### Problem requirements
Copy, exactly as written, the lines that begin at the one containing "Бесплатная доставка, контроллер" and end at the one containing "Alerts – for". Skip any pictures in the data below.

### Working data
━━━━━━━━━━━━━━━━━━━━

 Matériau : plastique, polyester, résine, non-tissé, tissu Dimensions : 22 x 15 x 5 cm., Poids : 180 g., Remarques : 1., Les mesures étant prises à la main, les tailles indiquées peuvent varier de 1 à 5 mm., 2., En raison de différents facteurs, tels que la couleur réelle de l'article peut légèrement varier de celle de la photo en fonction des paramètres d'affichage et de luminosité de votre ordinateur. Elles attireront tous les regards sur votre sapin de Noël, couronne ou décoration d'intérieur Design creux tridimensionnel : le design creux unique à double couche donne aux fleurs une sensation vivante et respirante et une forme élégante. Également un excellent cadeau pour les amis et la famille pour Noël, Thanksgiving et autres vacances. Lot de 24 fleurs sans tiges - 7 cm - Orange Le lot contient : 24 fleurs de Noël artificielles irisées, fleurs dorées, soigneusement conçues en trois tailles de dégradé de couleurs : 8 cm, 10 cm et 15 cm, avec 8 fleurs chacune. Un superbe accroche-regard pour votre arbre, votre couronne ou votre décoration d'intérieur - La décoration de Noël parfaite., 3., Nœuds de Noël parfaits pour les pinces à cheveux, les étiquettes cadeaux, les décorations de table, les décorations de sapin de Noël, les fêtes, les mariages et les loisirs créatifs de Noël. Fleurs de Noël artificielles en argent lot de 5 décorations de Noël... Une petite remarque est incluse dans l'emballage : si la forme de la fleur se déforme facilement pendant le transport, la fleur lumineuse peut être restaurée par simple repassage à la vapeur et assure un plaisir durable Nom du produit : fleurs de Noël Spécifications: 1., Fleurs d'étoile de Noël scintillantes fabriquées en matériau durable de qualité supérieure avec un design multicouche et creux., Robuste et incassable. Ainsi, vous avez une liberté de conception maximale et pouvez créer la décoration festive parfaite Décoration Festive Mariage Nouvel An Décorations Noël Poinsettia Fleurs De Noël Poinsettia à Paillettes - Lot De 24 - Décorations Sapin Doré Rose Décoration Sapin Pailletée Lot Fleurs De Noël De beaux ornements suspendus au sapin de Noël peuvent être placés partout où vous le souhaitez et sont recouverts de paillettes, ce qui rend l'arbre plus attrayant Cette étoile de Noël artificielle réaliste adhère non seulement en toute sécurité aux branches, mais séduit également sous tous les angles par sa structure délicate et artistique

━━━━━━━━━━━━━━━━━━━━

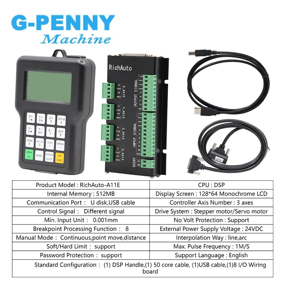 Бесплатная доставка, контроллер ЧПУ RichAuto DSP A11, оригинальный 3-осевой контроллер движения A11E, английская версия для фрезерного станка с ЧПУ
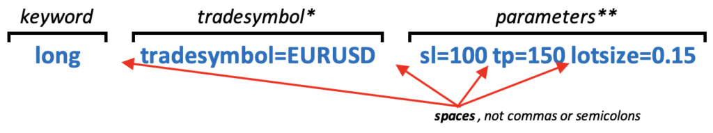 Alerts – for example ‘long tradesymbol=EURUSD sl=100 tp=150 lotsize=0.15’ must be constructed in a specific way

━━━━━━━━━━━━━━━━━━━━

### Answer section
 Бесплатная доставка, контроллер ЧПУ RichAuto DSP A11, оригинальный 3-осевой контроллер движения A11E, английская версия для фрезерного станка с ЧПУ
 Alerts – for example ‘long tradesymbol=EURUSD sl=100 tp=150 lotsize=0.15’ must be constructed in a specific way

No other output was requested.